BRIEF:
Keep to one stretch of the data below, the lines from the one with "Kneel Stamp |" up to and including the one with "- 【Curtain Rods", and return that stretch exactly.
=== INFORMATION PROVIDED ===
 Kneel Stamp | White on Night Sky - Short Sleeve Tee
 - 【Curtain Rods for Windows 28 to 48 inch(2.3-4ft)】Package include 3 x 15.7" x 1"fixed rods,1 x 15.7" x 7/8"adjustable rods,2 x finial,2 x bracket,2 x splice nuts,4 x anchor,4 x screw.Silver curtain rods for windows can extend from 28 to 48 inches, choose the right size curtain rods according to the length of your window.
===
=== INFORMATION PROVIDED ===
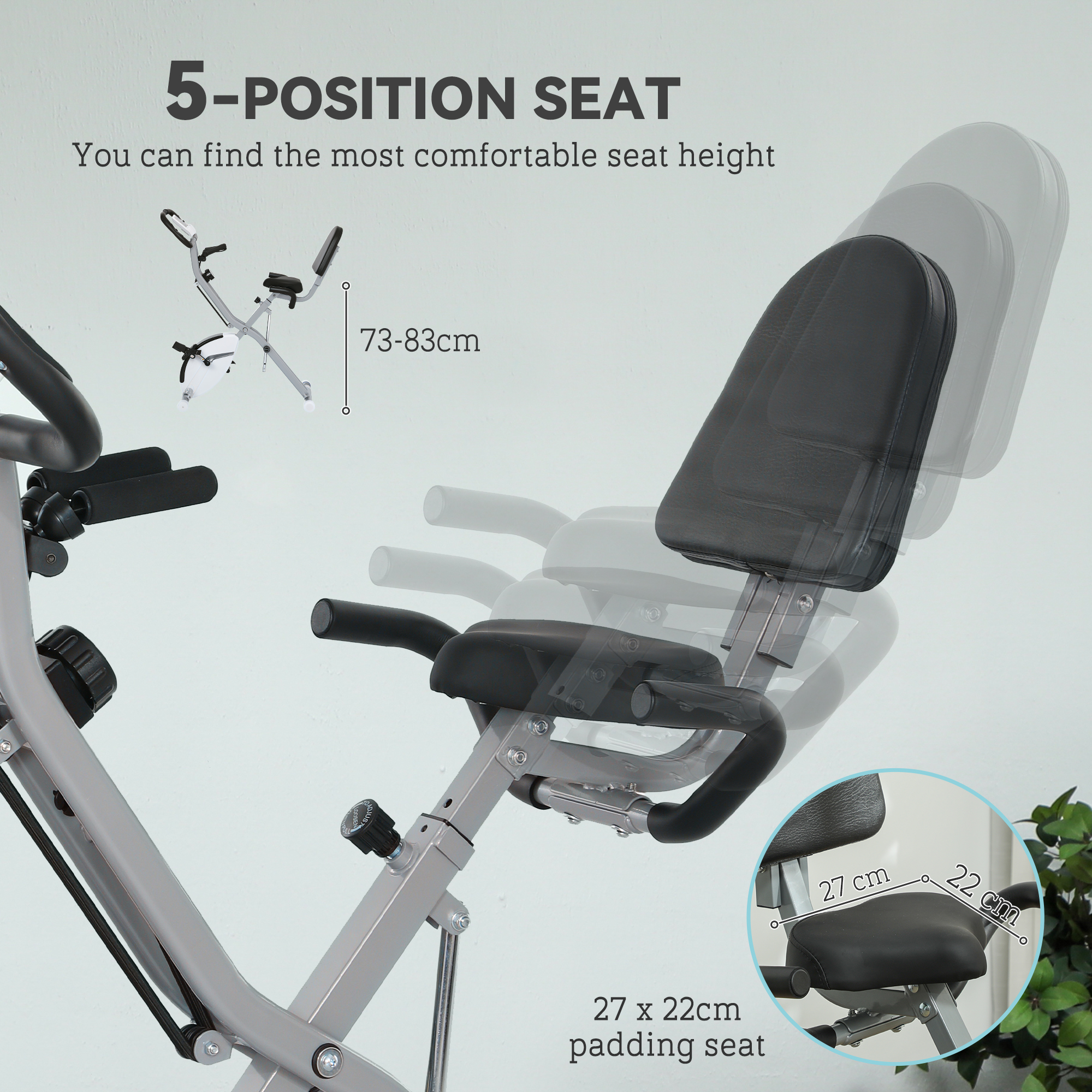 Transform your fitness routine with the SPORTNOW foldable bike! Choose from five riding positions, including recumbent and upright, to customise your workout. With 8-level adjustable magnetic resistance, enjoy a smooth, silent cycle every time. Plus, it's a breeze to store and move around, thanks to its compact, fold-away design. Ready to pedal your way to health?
===
SOLUTION BELOW:
 Kneel Stamp | White on Night Sky - Short Sleeve Tee
 - 【Curtain Rods for Windows 28 to 48 inch(2.3-4ft)】Package include 3 x 15.7" x 1"fixed rods,1 x 15.7" x 7/8"adjustable rods,2 x finial,2 x bracket,2 x splice nuts,4 x anchor,4 x screw.Silver curtain rods for windows can extend from 28 to 48 inches, choose the right size curtain rods according to the length of your window.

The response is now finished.